Did I solve this trig integral correctly?

[Guest]

Here's the problem: S sin^3(x)cos(x)dx [S means Integral]

Here's my solution:

S sin^2(x)sin(x)cos(x)dx
S (1-cos^2(x))sin(x)cos(x)dx
let u=cox(x), du=-sin(x)dx
-S (1-u^2)u du
-S u-u^3 du
-[(1/2)u^2-(1/4)u^4]+C

[(-1/2)(cos^2(x))+(1/4)(cos^4(x))]+C

Thanks!

 

[pka]

Don't make it hard!
That is just \(\displaystyle \L \int {u^3 du}.\)

 

[skeeter]

you sure took the long road to Dallas ...
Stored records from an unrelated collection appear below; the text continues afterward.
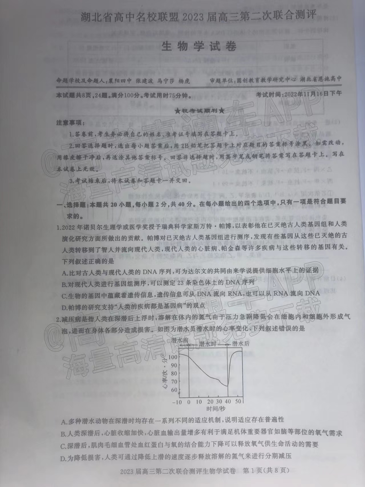 1.2023湖北圆创联盟高三11月联考生物试卷
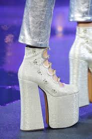 That green pair makes me think of fashion designer Marc Jacobs and his recent penchant for exaggerated platform boots, which might well have been inspired by chopines. Below is an example from the most recent collection.
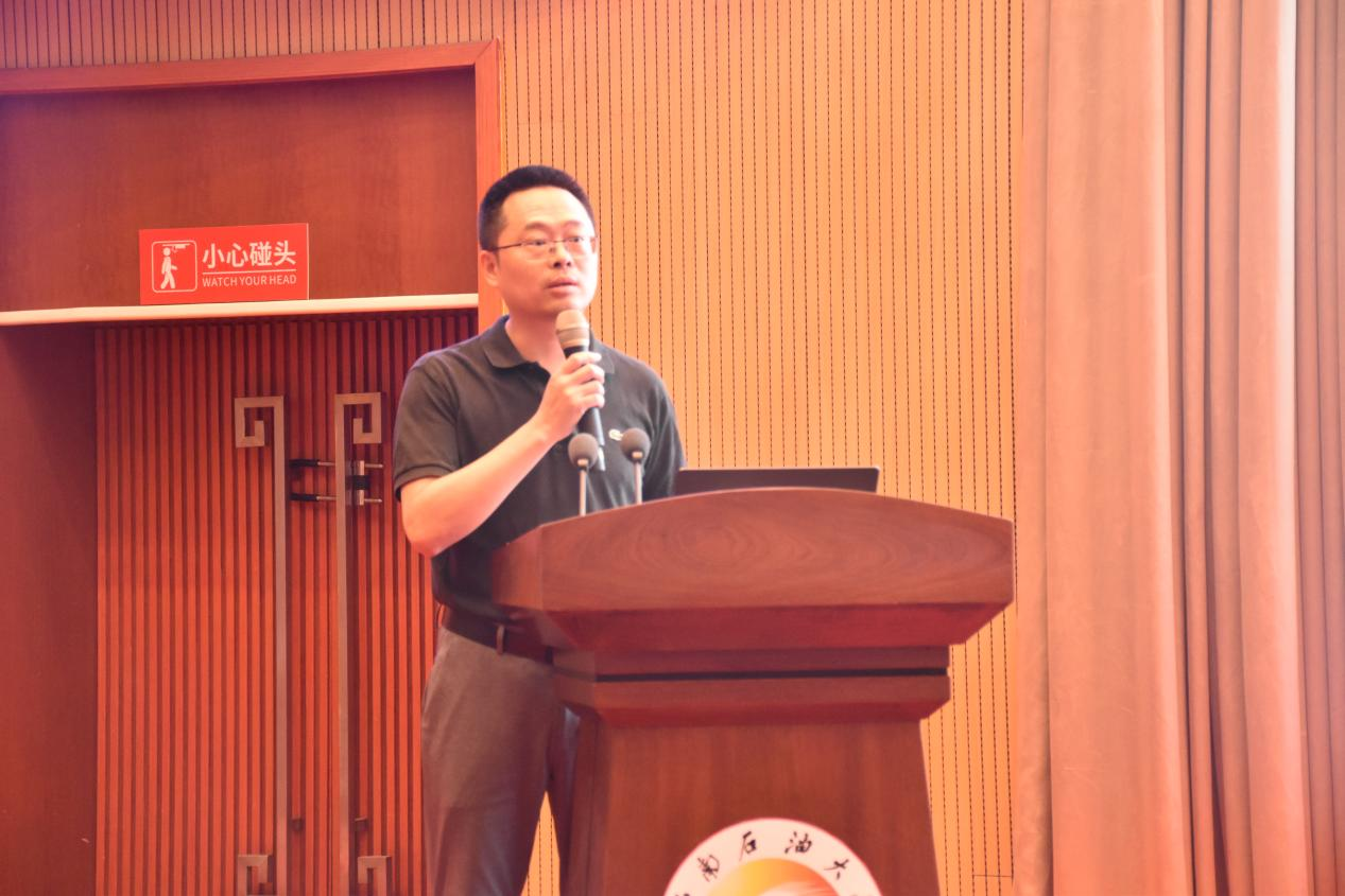 院长助理、网络空间安全教研室主任张晓均进行考研分析时指出,学院作为省内首批获批网络空间安全学科硕士点的省属高校,已构建“大数据安全”“网络与系统安全”“油气工业信息安全”三大学术型硕士特色方向及人工智能安全、数据安全等专业型硕士培养体系,课程紧密对接密码学、区块链安全等行业前沿。随后他向同学们展示了学院老师和学长们的优秀学研成果,并指出学院去年启动“培优计划”,通过开设130个科研项目、配备考研自习室及导师全程指导等助研方式,鼓励同学们脚踏实地,认真备考,早日实现自己的理想。
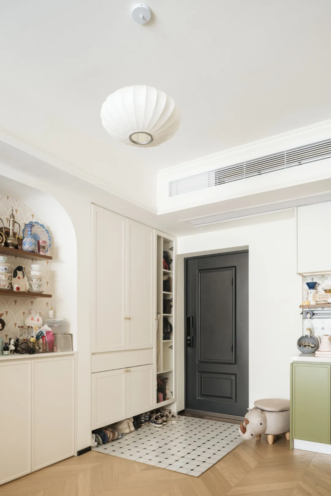 一踏入家门,首先映入眼帘的是玄关处两米高的悬空鞋柜。这款设计不仅实用,而且兼具美观。
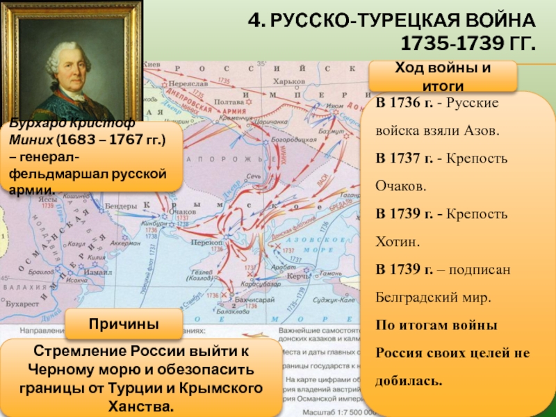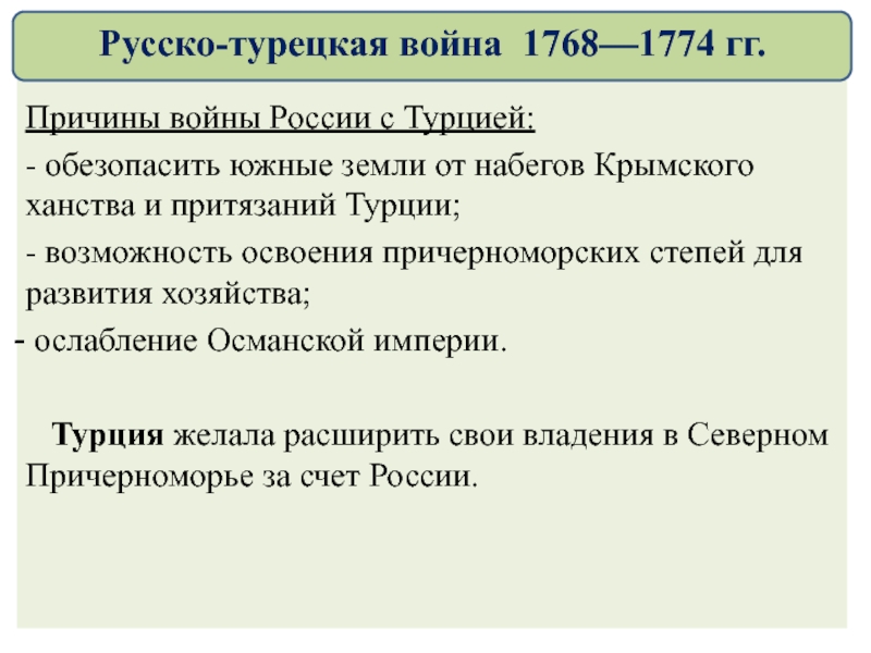 Русско-турецкая война 1768-1774 гг. была продолжением борьбы России за выход к Чёрному морю, против агрессии Османской империи, которая стремилась расширить свои владения в Причерноморье и на Кавказе и захватить Астрахань. Турция также выступала против усиления русского влияния в Польше, где в 1764 г. на престол был возведён русский ставленник Станислав Август Понятовский. Поводом к войне явилось отклонение Россией турецкого ультиматума о выводе русских войск из Польши, где они с 1768 г. вели военные действия против Барской конфедерации.
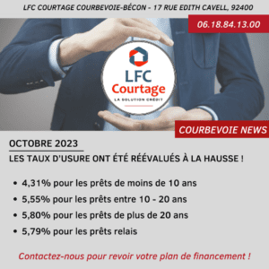 Pour ce mois d'Octobre 2023, les taux d’usure ont été réévalués ! Cette révision est une réelle opportunité, c’est pourquoi nous vous invitons à revoir votre plan de financement le plus tôt possible dans votre processus d’achat ! Une étude…
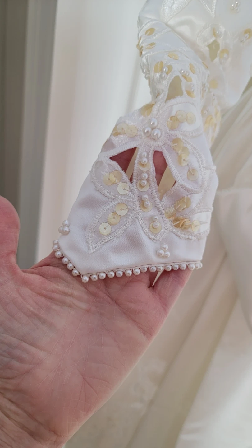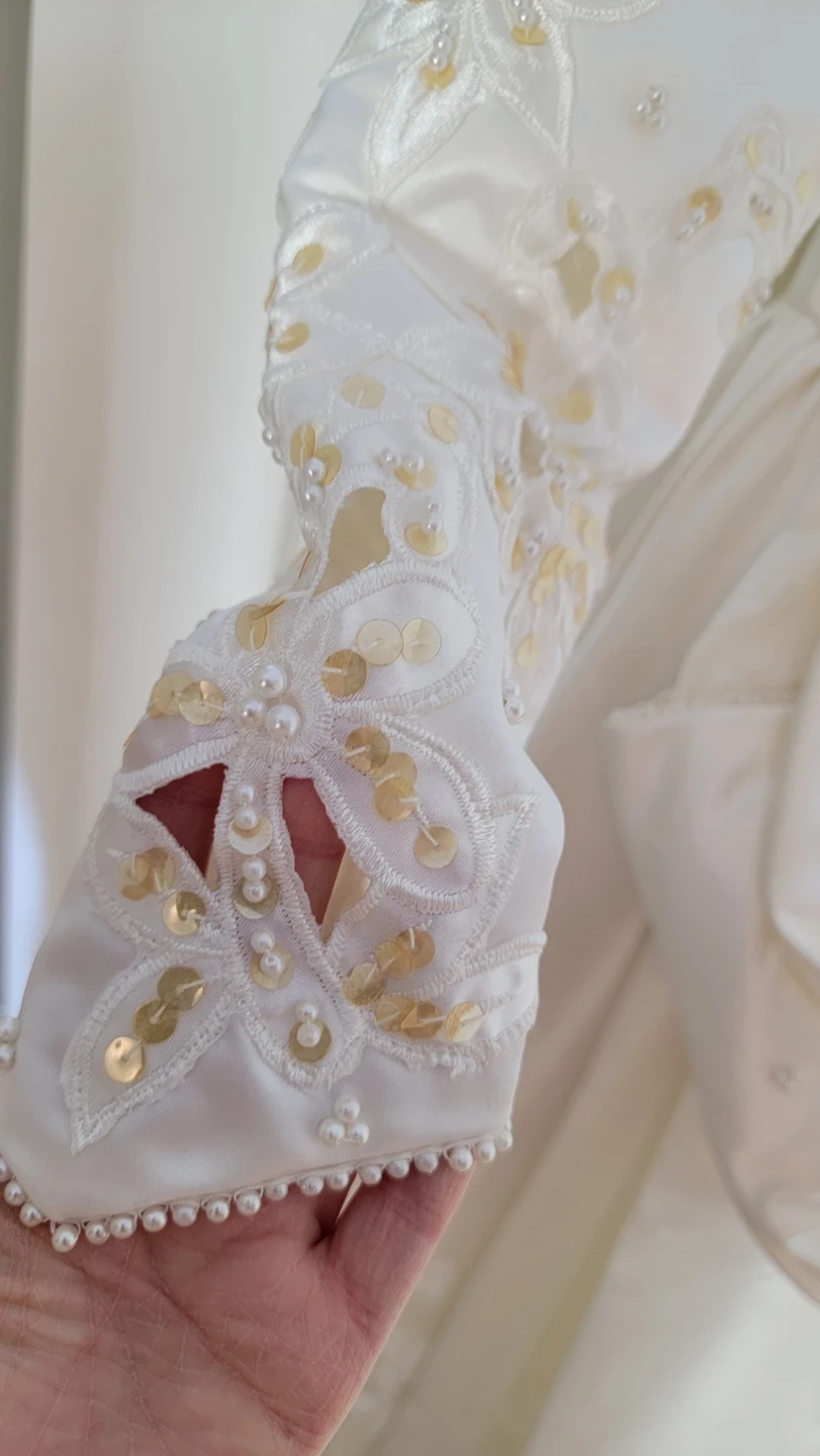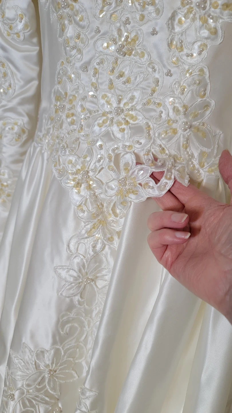 Pearls edged neckline, sleeve cuffs and bottom of dress and train.
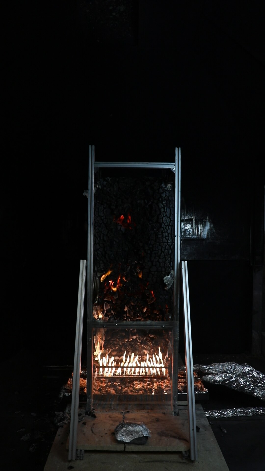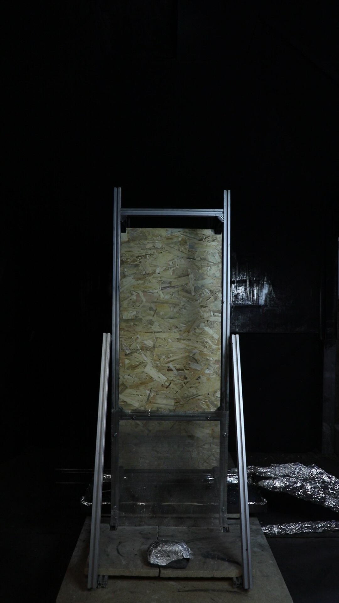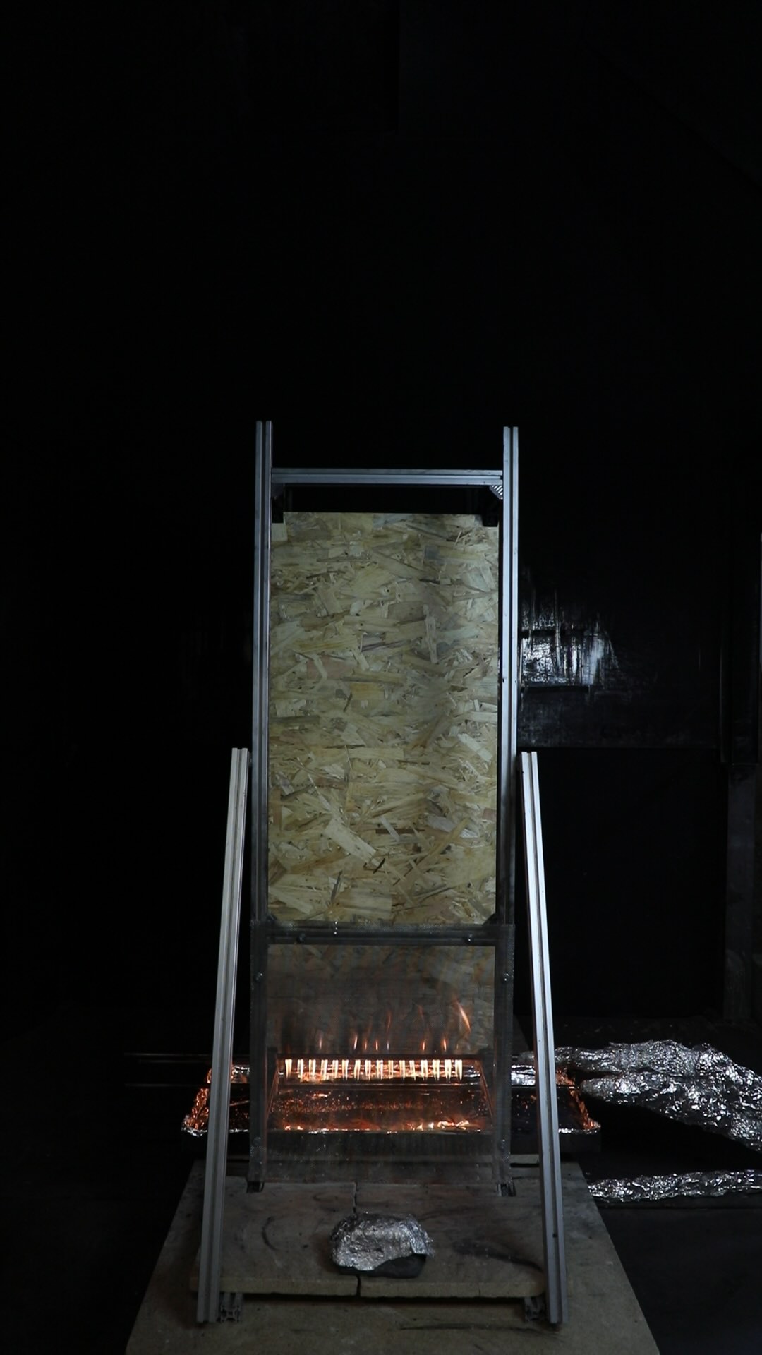 At approximately 5 minutes the OSB panel began to touch the insulation panel, affecting the mass measurements. At approximately 7 minutes the OSB panel began to collapse, causing a sudden change in the mass measurements as debris fell into the debris tray, onto both load cells, or off the entire assembly. The Phenolic foam insulation was seen to continue smouldering after the experiment was terminated, requiring extinguishment.

\(\displaystyle \L \int \sin^3{x} \cos{x} dx\)

let u = sinx, du = cosx dx, substitute ...

\(\displaystyle \L \int u^3 du = \frac{u^4}{4} + C = \frac{\sin^4{x}}{4} + C\)

 

[Guest]

WOW... Well, it was in the section about separating trig integrals, i.e. if sine is odd and positive, save one sine and convert the rest to cosines... so I guess that's what I was trying to do? Thanks for the corrections!